Switching to Renewable Natural Gas Reduces GHG Emissions...Beyond Sustainability

Renewable Natural Gas reduces GHG emissions

Switching from conventional natural gas (fossil fuel) to renewable natural gas results in a reduction in greenhouse gas (GHG) emissions that benefit climate change. One method used to determine the climate benefit offered by a fuel is to assess its carbon footprint, often referred to as carbon intensity, over its complete lifecycle, taking the GHG emissions produced during the production, transportation and consumption of the fuel into account.

According to estimates produced by the Alternative Fuel Life-Cycle Environmental and Economic Transportation (AFLEET) tool developed by the Argonne National Laboratory, RNG powered natural gas vehicles can reduce GHG emissions by as much as 75% compared to vehicles running on petroleum based fossil fuels. The California Air Resources Board conducts a similar lifecycle analysis to evaluate GHG emissions of vehicle fuels when implementing the Low Carbon Fuel Standard.

Natural gas, regardless of whether it is derived from fossil gas or renewable natural gas, has a lower carbon footprint compared to conventional fossil fuels that they are replacing, including coal and petroleum based fuels such as diesel and gasoline used to power vehicles and produce electricity. Compared to fossil natural gas, renewable natural gas fares even better in terms of it overall carbon footprint when taking GHG emissions produced during its production, transportation and use into consideration. Some renewable natural gas projects can have an even lower carbon footprint if methane emissions that would have been produced by the organic waste that was converted into natural gas is taken into account.

In cases where methane emissions are substantially reduced by diverting organic waste from its normal method of disposal (for example food waste, wastewater sludge or manure that would otherwise be sent to a landfill) for use as RNG feedstock that is fed into an anaerobic digester, can result in a negative carbon footprint. While RNG projects that collect methane produced as a result of day-to-day operations, such as landfills or wastewater treatment facilities, cannot claim any climate benefit from capturing and destroying methane, as they are required to do so, they can account for climate benefits from GHG emission reductions achieved by recovering the energy (from the methane source) that would previously have been wasted when the methane was flared (since they are not required to recover energy).

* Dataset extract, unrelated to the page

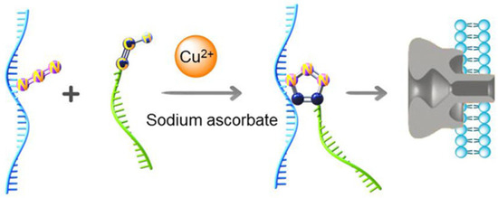 Metal ions potentially function as catalysts in chemical reactions, offering an innovative approach to their detections. For example, Liu L. et al. integrated click reactions into nanopore sensing to quantify Cu2+ [47]. Copper is an essential trace element in human physiology; however, excessive intake will result in gastrointestinal dysfunction, kidney damage, and neurodegenerative disorders [48,49]. As illustrated in Figure 2, the scheme comprised three steps as follows: 1. the reducing agent facilitated the conversion of Cu2+ to Cu+; 2. Cu+ activated the click reaction between two distinct types of ssDNA segments; and 3. nanopore analysis. The presence of Cu2+ facilitated the formation of forked DNA through the cycloaddition of azides and alkynes, which induced events with a current blockage (Ib/I0) of 85% and a dwell time (τoff) of 1.19 ± 0.12 ms. Conversely, in the absence of Cu2+, no click reaction occurred and thus the events of ssDNA segments were observed (Ib/Io = 30% and τoff = 0.16 ± 0.01 ms). Given that other metal ions (Al3+, Fe3+, Cr3+, Cd2+, Mg2+, Zn2+, Ca2+, Fe2+, Mn2+, Co2+, K+, and Na+) failed to activate click chemistry within this context, this sensor demonstrated exceptional selectivity with the LOD reaching 67 pM. In another study, Zhang Z. et al. opted to graft ferrocene⊂cucurbit[7]uril onto DNA segments by click reaction, enabling the quantification of Cu2+ as well [50]. It is worth mentioning that the click reaction enhanced the morphology of probes, which significantly improved the resolution of typical events in nanopores.

However, these projects will still have a positive rather than a negative carbon footprint overall.

Other Benefits of RNG Vehicles

Besides the reduction in GHG emissions, vehicles powered by renewable natural gas improve local air quality and are quieter than their diesel powered counterparts, which has positive health benefits for local communities.

Source

An Overview of Renewable Natural Gas from Biogas. July 2020, EPA 456-R-20-001.